O humano sempre provoca. Existir é indagação. A linguagem presentifica a vida em suas ilimitadas conotações que se metaforizam nas ambiguidades que, segundo Guimarães Rosa, explicam o humano. Certa feita uma pergunta provocava a inteligência: o que se vê quando se olha para o ser humano? É possível dissertar por longas páginas sobre uma resposta apurada a tal indagação. Inúmeras perspectivas hermenêuticas tentariam explicar e, com efeito, não seriam respostas suficientes.
Ao contemplar a humanidade, neste ínterim, vale compreender como aquela composta de seres humanos, percebe-se variadas posturas que se concretizam como tradução do que não se traduz. A potencialidade do ser humano para o bem e para o mal é algo que não se explica em meras linhas. O mesmo que se transfigura mediante uma realização pessoal, é aquele que se descaracteriza diante das truculências mais vis que assolam e relativizam o conceito mesmo de ser humano.
Em algum momento, Nando Reis cantara que: “a vida é mesmo coisa muito frágil, uma bobagem, uma irrelevância diante da eternidade do amor de quem se ama”. É necessário completar essa veia poética com Vinicius de Moraes quando afirmara: “ que seja eterno enquanto dure”. O efêmero bem vivido eterniza-se, fica, marca, explica-se pelo critério do sentido da vida.
A sociedade cada vez mais artificializa o afeto, plastifica o relacionamento, reduz-se ao utilitarismo que machuca a vida. Em contrapartida, o ser humano percebe-se cada vez mais isolado, mais sozinho, encerrado nas estreitezas de si mesmo. As telas são mais importantes que as páginas. O digitar é mais relevante que o aperto de mão, as curtidas fascinam mais que um sorriso. Fato que aumenta o abismo da interioridade sem sentido e vazia de significado.

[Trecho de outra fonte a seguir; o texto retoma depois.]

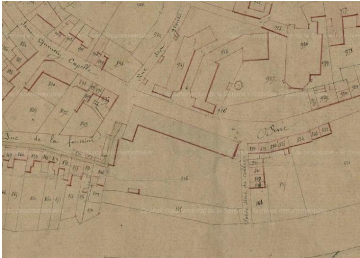
Extrait du cadastre napoléonien (AD Somme ; 3P 2065/4)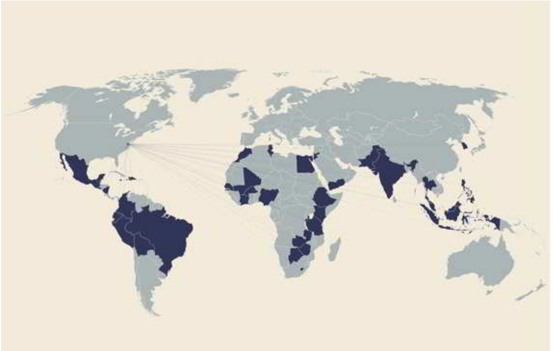
Fig. 3. El mapa presenta la ubicación de alrededor de 300 operaciones de Sitios y Servicios desarrolladas entre 1972 y 1985 por el Banco Mundial en más de 140 ciudades de 37 países en vías de desarrollo.

co para la siguiente década (World Bank 1972). Posteriormente, en 1975, McNamara se dirigiría a su Junta de Gobernadores proclamando que: “En el fondo, las ciudades existen como expresión de un intento del hombre por alcanzar su potencial. Es la pobreza la que contamina esa promesa. Es la tarea del desarrollo poder restaurarla” (World Bank 1981, 333). Hasta 1972, el Banco no había intervenido en el ámbito de la vivienda de bajo costo dado que se consideraba un sector de alto riesgo económico, donde difícilmente el país beneficiado podría devolver el préstamo en el plazo establecido.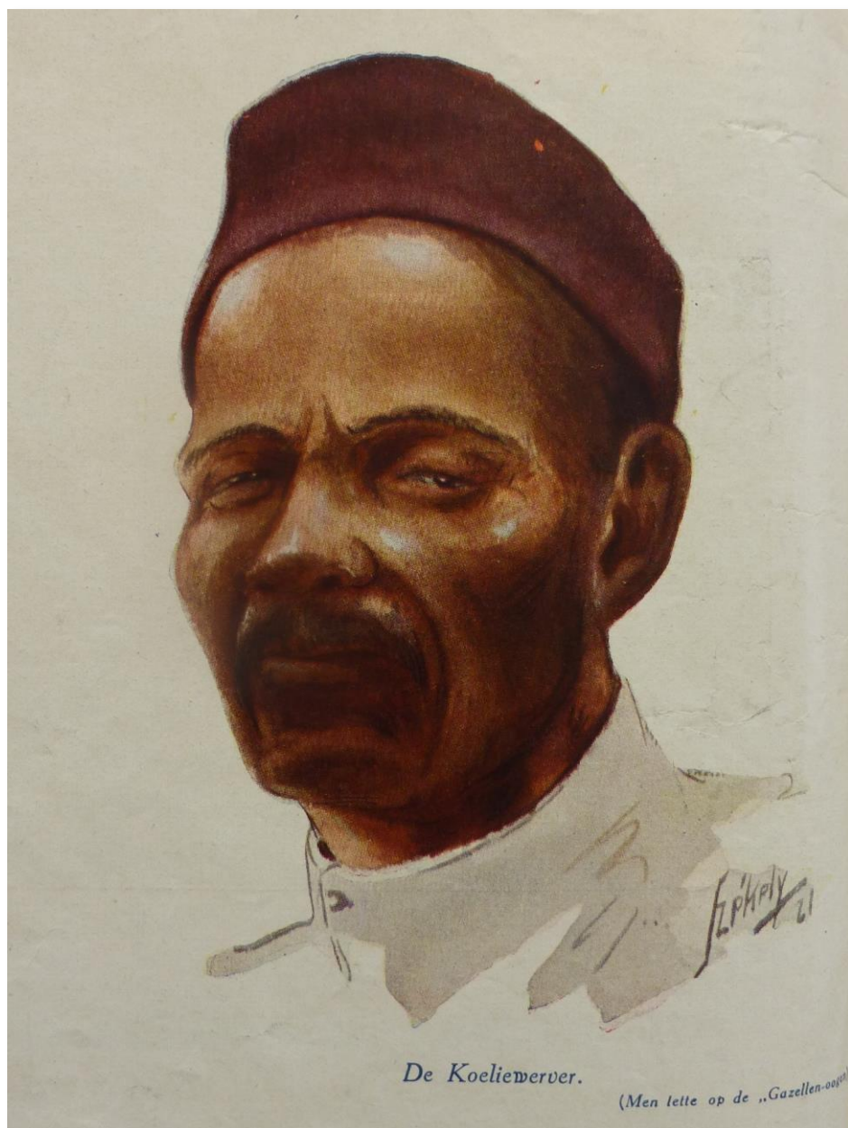
László Székely: De Koeliewerver (1923)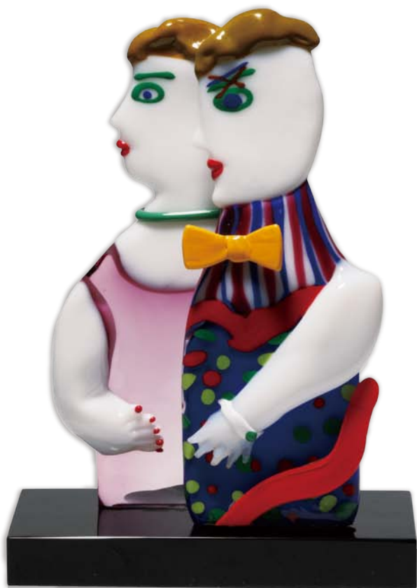
絹谷幸二「カップル」1994年 ガラス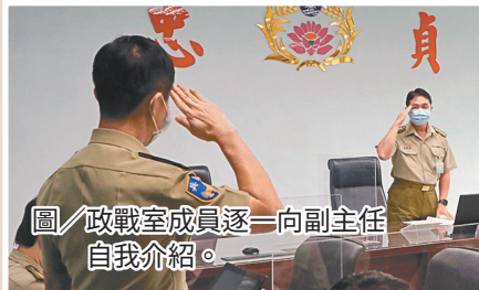
圖／政戰室成員逐一向副主任自我介紹。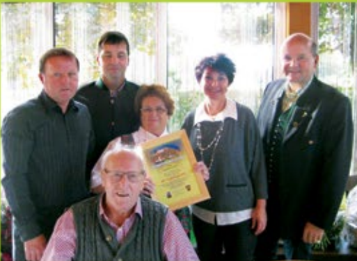
Stoff Rudolfine, Pichla 40a - 80. Geburtstag

O que se vê quando se olha para o ser humano? Pensar isso dá uma coceira nas ideias, recordando Rubem Alves. É necessário compreender que a baliza da vida é a Verdade, precisamente aquela do Evangelho, Aquele que se fez homem e habitou entre nós: Jesus de Nazaré. Nele não há a falência do humano, a divina cortesia que sustenta o tão humano existir.
Ele é o critério para tudo, habitando o inabitado. Estando na rotina empoeirada daqueles que simplesmente existem sem atribuir sentido à vida. Ele recupera a esperança. E, olhando para Ele, é possível recordar Milton Nascimento: “Quem sabe isso quer dizer amor? É preciso ver o humano, redespertar a beleza do significado da existência, não desistir de sê-lo.
No entanto, interpretar o que se vê e o que se sente sem degradar o melhor que sempre resta no coração que pulsa sentimento é algo imperioso. Vencer a tentação da desesperança diante do falível, do truculento que machuca e mata. É preciso apreciar o que cantara Jobim: “os olhos já não podem ver coisas que só o coração pode entender”. É preciso reencantar pela vida que nunca será absurdamente virtual ou artificial. Jamais um aparelho poderá mensurar o que bate do lado esquerdo do peito, nem traduzi-lo.
O que se vê quando se olha para o ser humano? É indagação de perene de sentido. Observar a criatura que ainda pode dar certo. Apostar na realidade positiva. Respondê-la é ainda um horizonte. E, por fim importa recordar Machado de Assis: “o humano consolar-se-á com a saudade de si mesmo”.